Ada Lovelace: Existence

Ada Lovelace was English mathematician, considered the first computer programmer. Explore interesting quotes on existence.
Ada Lovelace: 16   quotes 9   likes

“God has not given to us (in this state of existence) more than very limited powers of expression of one's ideas and feelings”

Context: Circumstances have been such, that I have lived almost entirely secluded for some time. Those who are much in earnest and with single minds devoted to any great object in life, must find this occasionally inevitable.... You will wonder at having heard nothing from me; but you have experience and candour enough to perceive and know that God has not given to us (in this state of existence) more than very limited powers of expression of one's ideas and feelings... I shall be very desirous of again seeing you. You know what that means from me, and that it is no form, but the simple expression and result of the respect and attraction I feel for a mind that ventures to read direct in God's own book, and not merely thro' man's translation of that same vast and mighty work.

In a letter to Andrew Crosse, as quoted in Eugen Kölbing's Englische Studien, Volume 19 https://archive.org/stream/englischestudien19leipuoft#page/157/mode/1up (1894), Leipzig; O.R. Reisland, "Byron's Daughter", p. 157.

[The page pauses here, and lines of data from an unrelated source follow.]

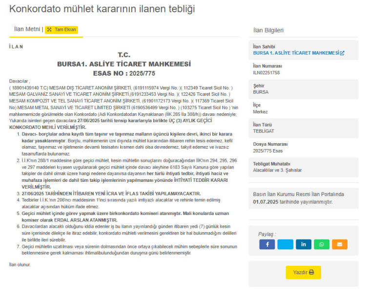 Firmaların başvurularını inceleyen mahkeme; Mesam Dış Ticaret Anonim Şirketi, Mesam Galvaniz Sanayi ve Ticaret Anonim Şirketi, Mesam Kompozit ve Tel Sanayi Ticaret Anonim Şirketi İle Mesam Metal Sanayi ve Ticaret Limited Şirketi'ne 3 aylık geçici konkordato mühleti tanıdı.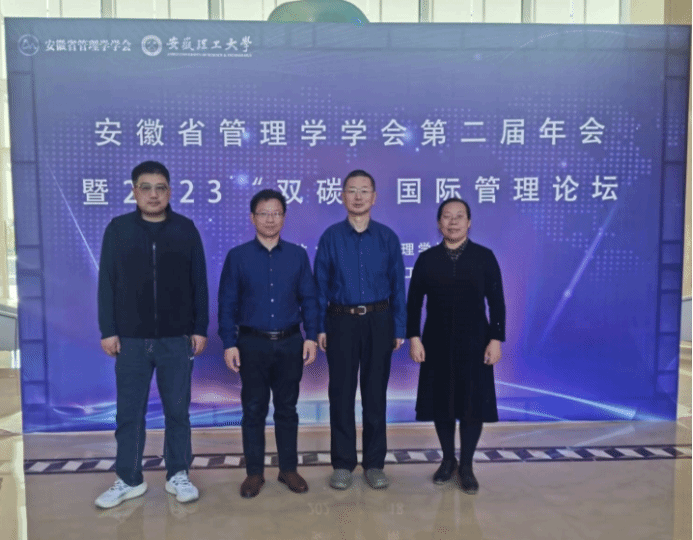 11月17-18日,安徽省管理学学会第二届年会暨2023“双碳”国际管理论坛在安徽理工大学隆重召开。本次年会由安徽省管理学学会主办,安徽理工大学经济与管理学院承办。安徽省社科联党组成员、副主席江涛,淮南师范学院党委副书记、院长程刚,安徽理工大学副书记、常务副校长、国家级领军人才获得者余玉刚,安徽省管理学学会理事长梁昌勇,国务院学科评议组成员、哈尔滨工业大学张紫琼,江南大学二级教授龙如银,合肥工业大学蒋翠清,国家社科基金重大项目首席专家,国家优秀青年科学基金获得者邵帅,国家优秀青年科学基金获得者刘林冬及来自安徽省管理学相关高校、科研机构的专家学者、研究生代表300余人参加了本次大会。商学院张英彦教授、院长刘红军、科研副院长周书灵、科研秘书陈同峰应邀出席了此次盛会。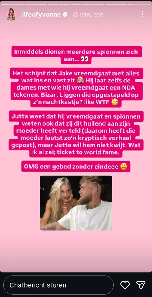 Vanavond bracht Yvonne Coldeweijer opmerkelijk nieuws naar buiten: Jake Paul zou zijn koningin aan de kant hebben gezet. Dat leverde een stortvloed aan reacties op, maar nu deelt Yvonne een vervolg, dat mogelijk nog heftiger is. In een verhaal op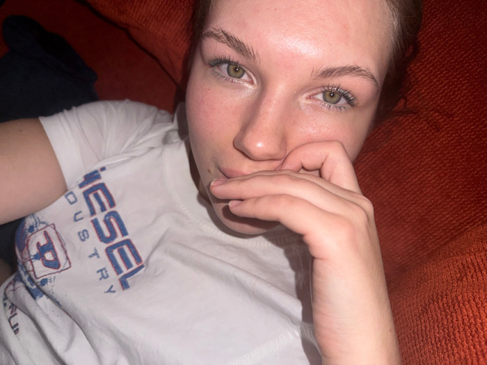 A person lies on a reddish-brown couch, wearing a white t-shirt with blue lettering that reads "Diesel Industry". One hand is raised, partially obscuring the face, while the eyes are open, looking dir…read more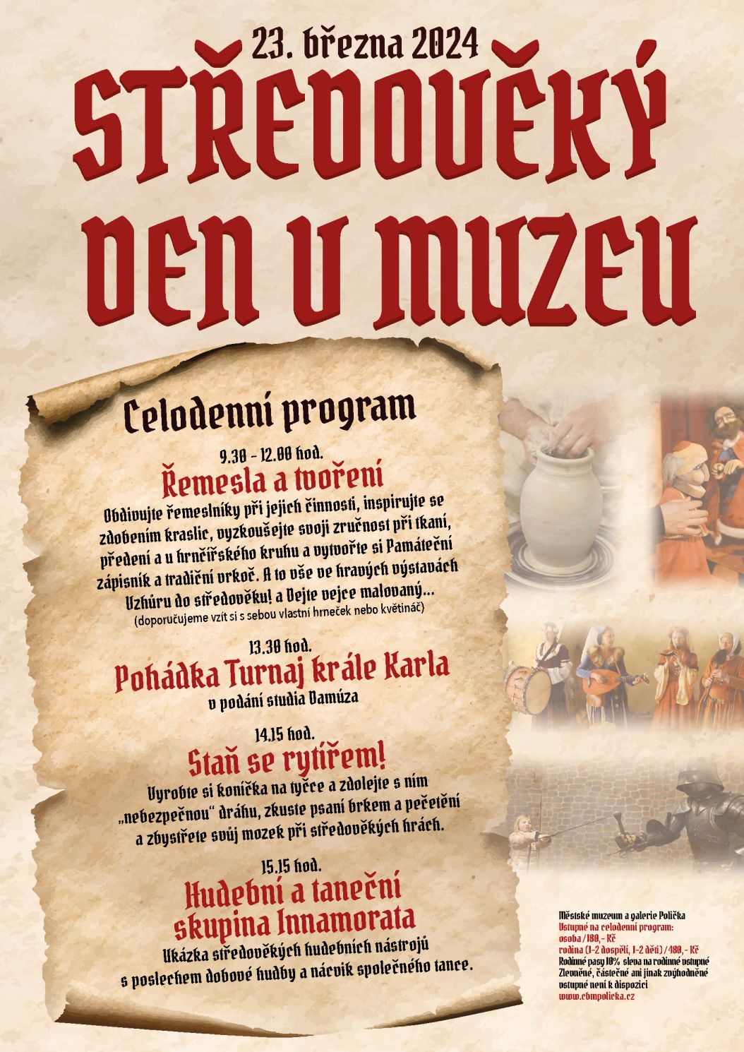 V sobotu 23. března 2024 čeká na návštěvníky poličského muzea bohatý dopolední i odpolední program a výstavy Vzhůru do středověku! a Dejte vejce malovaný… oživené starými řemesly a tradicemi.

“I do not regret the sufferings and peculiaties of my physical constitution. They have taught me, and continue to teach me, that which I think nothing else could have developed. It is a force and control put upon me by Providence which I must obey. And the effects of this continual disciple of facts are mighty. They tame the in the best sense of that word, and they fan into existence a pure, bright, holy, unselfish flame within that sheds cheerfulness and light on many.”

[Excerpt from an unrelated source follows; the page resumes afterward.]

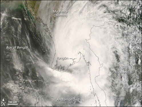 美國(guó)“今日宇宙”(universetoday)網(wǎng)站公布的衛(wèi)星照片顯示,強(qiáng)熱帶風(fēng)暴“納爾吉斯”2日開(kāi)始在緬甸伊洛瓦底省海基島附近登陸,風(fēng)暴登陸時(shí)的最大風(fēng)力超過(guò)190公里。風(fēng)暴登陸后轉(zhuǎn)向緬甸三角洲地區(qū),一路掃蕩伊洛瓦底省、勃固省和仰光省,3日凌晨突然抵達(dá)仰光市中心。屬于第三級(jí)熱帶氣旋的“納爾吉斯”一路沿仰光西南約220公里的伊江江口登陸北上,沿途摧毀無(wú)數(shù)的建筑物。
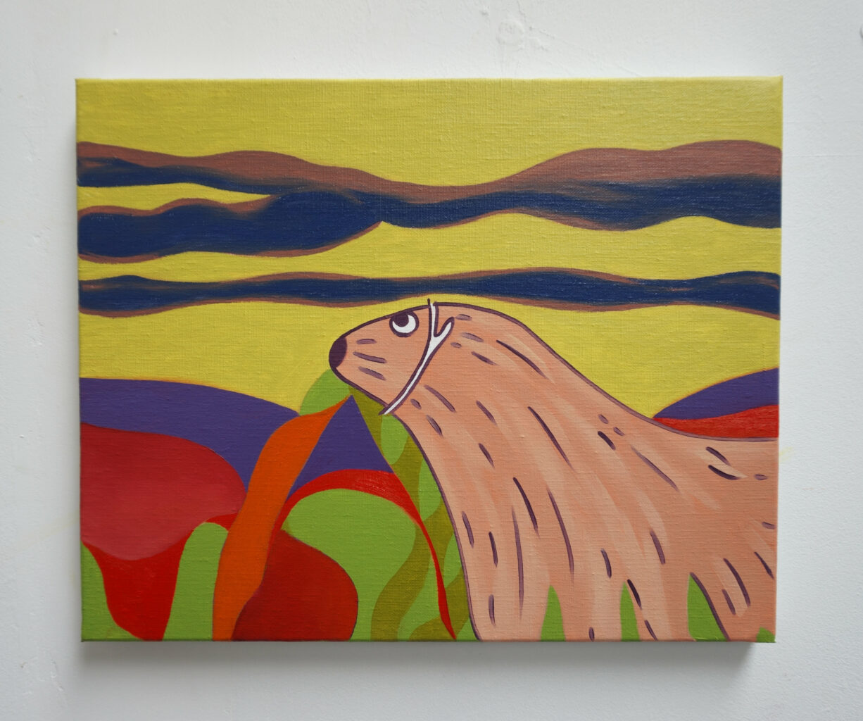 L’atelier au mois d’avril 2025.Rivages reflets. 81 x 100 cm. Huile sur toile. 2025.La fourmi. 22 x 16 cm. 2025. Huile sur toile.L’atelier à Pont-Croix en février 2025.

In a letter to Andrew Crosse, as quoted in Eugen Kölbing's Englische Studien, Volume 19 https://archive.org/stream/englischestudien19leipuoft#page/158/mode/1up (1894), Leipzig; O.R. Reisland, "Byron's Daughter", p. 158.
Context: With all my wiry power and strength, I am prone at times to bodily sufferings, connected chiefly with the digestive organs, of no common degree or king. I do not regret the sufferings and peculiaties of my physical constitution. They have taught me, and continue to teach me, that which I think nothing else could have developed. It is a force and control put upon me by Providence which I must obey. And the effects of this continual disciple of facts are mighty. They tame the in the best sense of that word, and they fan into existence a pure, bright, holy, unselfish flame within that sheds cheerfulness and light on many.
— Ever yours truly. "A. A. Lovelace."